# Chisel Sharpening Frustration



## todd4390 (May 20, 2014)

Let me preface this by saying that I'm fairly new to hand tools and sharpening. I just got done spending an hour and a half lapping the back of this chisel and this one corner at the edge isn't getting hit by the 300 grit diamond stone that I've been lapping with. It went pretty well at first but then spent about 45 min with what appears to be no progress. I have successfully lapped the back of a plane iron so I'm hoping this isn't my technique. Do I have a bad chisel (Marples), am I doing something wrong, is something wrong with my stone? I tend to lean toward this being a chisel issue. Or does it just take this long to do the initial lap on new chisels? If so I'm not really digging that too much.


----------



## hhhopks (Nov 22, 2011)

I feel your pain. It takes longer because you have more surface area to grind off as you come closer of getting the back of the chisel flat. I would consider of grinding the chisel back from the front edge so that corner low spot would disappear.


----------



## tomd (Jan 29, 2008)

That looks like a grinder mark, a chisel problem for sure. Depending on how deep it is you may have to go to a much coarser grit.


----------



## rossboyle52 (Dec 31, 2012)

When lapping the back of a chisel you only need to lap about an inch up from the cutting edge. There may be a slight twist in the chisel iron up towards the handle. Try lapping just the 1st inch. When I have to lap new chisels or plane irons I start with my work sharp 3000 and 150 grit A/O working my way up to 400 grit A/O then I switch to the stones. 1000 to 2500 then I polish with a leather strop?
Hope this helps


----------



## todd4390 (May 20, 2014)

The marks at the edge is black sharpie I used to mark progress not grinder marks.


----------



## rad457 (Jun 15, 2013)

I usually start with 180 - 220 grit sand paper then go right to a 1000 water stone followed by 8000 polish.
In some cases like rust or pits, start with 100 grit. Blades are hollow ground and only need a few strokes
on the 1000 water stone then 8000 polish. Nothing like honing blades for hours on end to make you appreciate 
real quality tools!


----------



## BubbaIBA (Nov 23, 2011)

Todd4390,

Unless you are very careful when lapping, the leading edge can be "rounded". It doesn't take much for that to happen, then you end up with what is in effect a convex back. A convex back is very hard to flatten. The Japanese work around the problem of convexity by grinding a hollow on the back forcing the back to be concave.

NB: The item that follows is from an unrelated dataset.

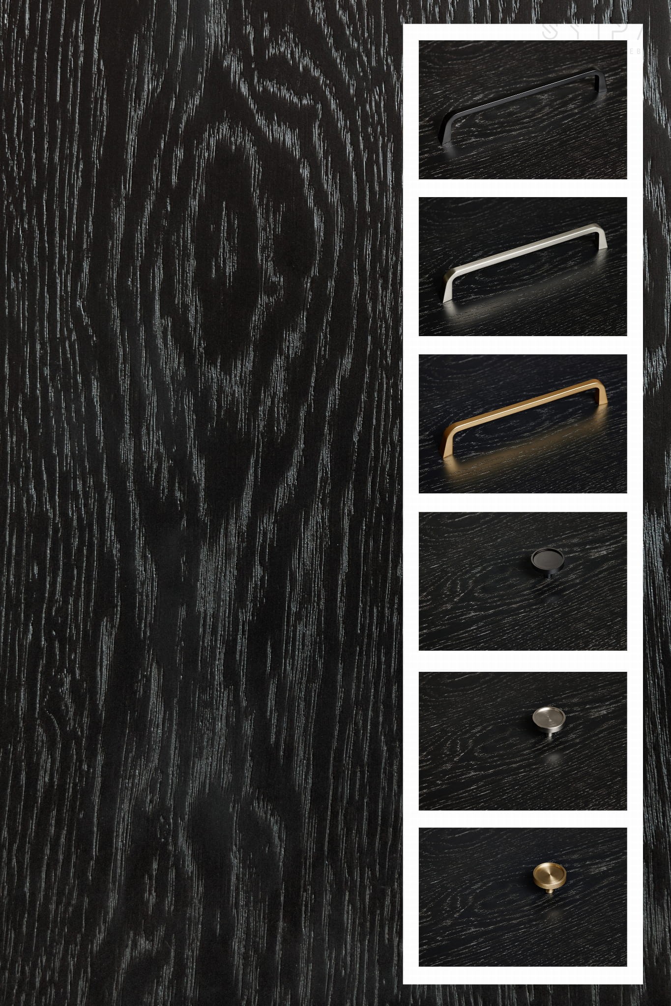 - Body: natural oak veneer, stained in teak, graphite, black, or ash grey

You might try using a grinder or a Drimmel to grind a shallow hollow on the back (see a Japanese chisel), it doesn't take much to be effective, so you are only lapping a small area.

ken


----------



## PatrickH (Mar 26, 2013)

Is this a new chisel? If so, I'd try returning it? Definitely a chisel problem. I had the backs of 5 Lie Nielsen chisels glowing in under an hour.


----------



## rwe2156 (May 7, 2014)

I disagree with the post on lapping only 1 inch on a chisel because when paring you need a flat back way more than 1".. Its ok on a plane iron, but not a chisel. You need at least 2 - 2/12" of flat bearing surface if you ever want a chisel to perform well. Personally, I try to flatten a chisel even higher than that (like 3/4 the way up the back).

I think what you've got here is a manufacturing defect. You're going to see this a lot in the cheaper chisels. I started out with a set of Irwin Marples and as I recall the 3/4 and 1 inch chisels were a bear to flatten. But surprisingly, after I got them tuned up, they are not bad chisels - no good for dovetailing but good for anything else.

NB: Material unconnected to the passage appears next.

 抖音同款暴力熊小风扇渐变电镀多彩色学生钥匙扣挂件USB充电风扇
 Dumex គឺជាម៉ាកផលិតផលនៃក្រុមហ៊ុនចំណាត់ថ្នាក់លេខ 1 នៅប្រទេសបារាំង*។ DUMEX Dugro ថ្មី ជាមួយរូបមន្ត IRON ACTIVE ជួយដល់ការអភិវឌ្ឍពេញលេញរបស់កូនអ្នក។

I have had to resort to actual grinding on couple chisels that were really bad, but you have to be willing to throw it away if you fail, and I don't recommend anyone do this (wink, wink) OK?

My rec on this one is to go with sandpaper in a super coarse grit, maybe even 80 and work up from there. I would be prepared to wave the white flag on one like this and instead just go buy another chisel and use that one for scraping glue or whatever. There is a point of diminishing returns before you decide you're wasting valuable time.

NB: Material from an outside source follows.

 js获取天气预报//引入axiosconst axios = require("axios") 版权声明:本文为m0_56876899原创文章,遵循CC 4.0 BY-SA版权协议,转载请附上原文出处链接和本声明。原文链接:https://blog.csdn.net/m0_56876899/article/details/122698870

How big is your diamond stone? Maybe its the photo, but is looks kind of small.


----------



## todd4390 (May 20, 2014)

The diamond plate I've been using is the Trend 300/1000 combo plate that's not in this photo. In all the stuff I have found on the web about sharpening I haven't seen anyone recommend lapping only the first inch of the chisel.


----------



## rwe2156 (May 7, 2014)

> The diamond plate I ve been using is the Trend 300/1000 combo plate that s not in this photo. In all the stuff I have found on the web about sharpening I haven t seen anyone recommend lapping only the first inch of the chisel.
> 
> - todd4390


Sounds like you're doing everything right. You've just got a bad chisel there.


----------



## bobasaurus (Sep 6, 2009)

The trend plates don't remove metal very quickly, I have the same one. Maybe try with coarser sandpaper on granite or on a jointer/table saw bed.


----------



## Holbs (Nov 4, 2012)

For new chisels / irons, I go to sandpaper first. 8" x 10" sheets are ok, but sanding belts are better. I too, have diamond stones. You only have so much real estate to work with on diamond stones. 8"x 10" sandpaper sheets are better. 4"x 48" sandpaper for belt sanders are the best because SOOO much real estate to work on (also depends what you have under the sandpaper). For really bad looking chisels/irons, I actually start at 80 grit, then 120, then 220, then 400… then I start using my diamond stones after that.
So work on 80 grit sandpaper until pattern marks are uniform. Then enjoy the climb up the grits.


----------



## Holbs (Nov 4, 2012)

Also, you can take a flat edge along the backside of the chisel and see just how far you have to go to make it all flat. If it's visibly bent or damaged, that will give you answers. If it's flat, you know you are SO close


----------



## TheFridge (May 1, 2014)

I have 3 new old stock marples that I flattened. 3/4&1-1/2 took an hour apiece start to finish and the 1/4 took a lot longer. I ended up just grinding off a 1/4" off of it because I didn't feel like lapping anymore. The only dead flat chisel I've worked with was a LN 1/2. It was pretty much perfect.

I never realized how much easier it was to lap irons and chisels with sandpaper and a hunk of granite.


----------



## bandit571 (Jan 20, 2011)

Worked on this German Chisel that came from Ebay the other day









Muller 22mm-7/8" wide. Needed abit of work. There was two bevels on the edge, even.

Main tool of choice to flatten the back, and redefine the bevel? A 1" x 30" belt sander. Got both the back flat, and the bevel back to a single bevel. Then it was off to a stone ( 600 medium India) then some wet-n-dry 1K-2.5K paper, the stropped with a dry leather belt.









Seemed to do just fine. When i use that beltsander, I keep a bowl of water nearby. Fingers will tell me when to dunk a part. Grit on the belt? unknown, as it is quite worn from use.


----------